__Data to use__.
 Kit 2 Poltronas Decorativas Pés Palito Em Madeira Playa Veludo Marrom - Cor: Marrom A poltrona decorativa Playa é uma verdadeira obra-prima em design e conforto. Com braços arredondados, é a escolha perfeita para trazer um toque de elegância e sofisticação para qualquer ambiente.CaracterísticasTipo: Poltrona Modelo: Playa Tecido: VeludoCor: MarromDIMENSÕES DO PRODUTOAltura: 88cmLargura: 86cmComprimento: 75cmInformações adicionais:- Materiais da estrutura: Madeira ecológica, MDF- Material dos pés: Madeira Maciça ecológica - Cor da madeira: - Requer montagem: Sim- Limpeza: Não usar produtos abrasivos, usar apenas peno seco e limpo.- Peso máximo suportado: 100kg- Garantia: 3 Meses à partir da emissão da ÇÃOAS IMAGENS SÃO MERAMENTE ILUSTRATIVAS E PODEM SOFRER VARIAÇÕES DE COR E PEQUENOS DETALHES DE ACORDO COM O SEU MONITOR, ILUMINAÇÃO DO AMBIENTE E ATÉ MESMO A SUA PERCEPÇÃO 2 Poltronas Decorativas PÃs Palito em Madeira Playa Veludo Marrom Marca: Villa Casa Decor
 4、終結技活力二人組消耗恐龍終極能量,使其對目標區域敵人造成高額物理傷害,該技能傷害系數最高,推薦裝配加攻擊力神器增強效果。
---
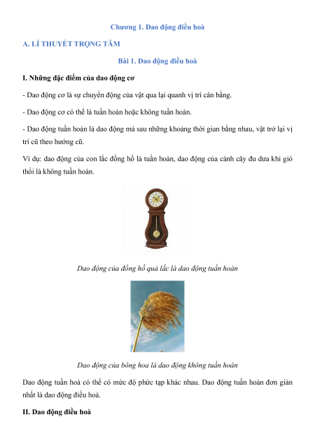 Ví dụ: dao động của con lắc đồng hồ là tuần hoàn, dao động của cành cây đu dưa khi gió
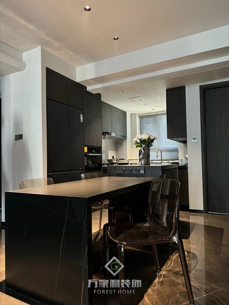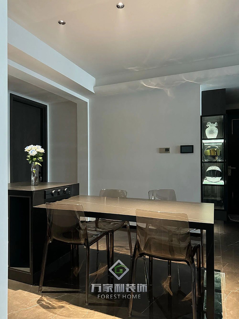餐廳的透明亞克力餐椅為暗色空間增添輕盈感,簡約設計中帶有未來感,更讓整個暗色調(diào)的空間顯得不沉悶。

__Your assignment__. Give back, exactly as written, the stretch from the line with "Kit 2 Poltronas" through the line with "4、終結技活力二人組消耗恐龍", and no other lines from the records above.

__Task response__.
 Kit 2 Poltronas Decorativas Pés Palito Em Madeira Playa Veludo Marrom - Cor: Marrom A poltrona decorativa Playa é uma verdadeira obra-prima em design e conforto. Com braços arredondados, é a escolha perfeita para trazer um toque de elegância e sofisticação para qualquer ambiente.CaracterísticasTipo: Poltrona Modelo: Playa Tecido: VeludoCor: MarromDIMENSÕES DO PRODUTOAltura: 88cmLargura: 86cmComprimento: 75cmInformações adicionais:- Materiais da estrutura: Madeira ecológica, MDF- Material dos pés: Madeira Maciça ecológica - Cor da madeira: - Requer montagem: Sim- Limpeza: Não usar produtos abrasivos, usar apenas peno seco e limpo.- Peso máximo suportado: 100kg- Garantia: 3 Meses à partir da emissão da ÇÃOAS IMAGENS SÃO MERAMENTE ILUSTRATIVAS E PODEM SOFRER VARIAÇÕES DE COR E PEQUENOS DETALHES DE ACORDO COM O SEU MONITOR, ILUMINAÇÃO DO AMBIENTE E ATÉ MESMO A SUA PERCEPÇÃO 2 Poltronas Decorativas PÃs Palito em Madeira Playa Veludo Marrom Marca: Villa Casa Decor
 4、終結技活力二人組消耗恐龍終極能量,使其對目標區域敵人造成高額物理傷害,該技能傷害系數最高,推薦裝配加攻擊力神器增強效果。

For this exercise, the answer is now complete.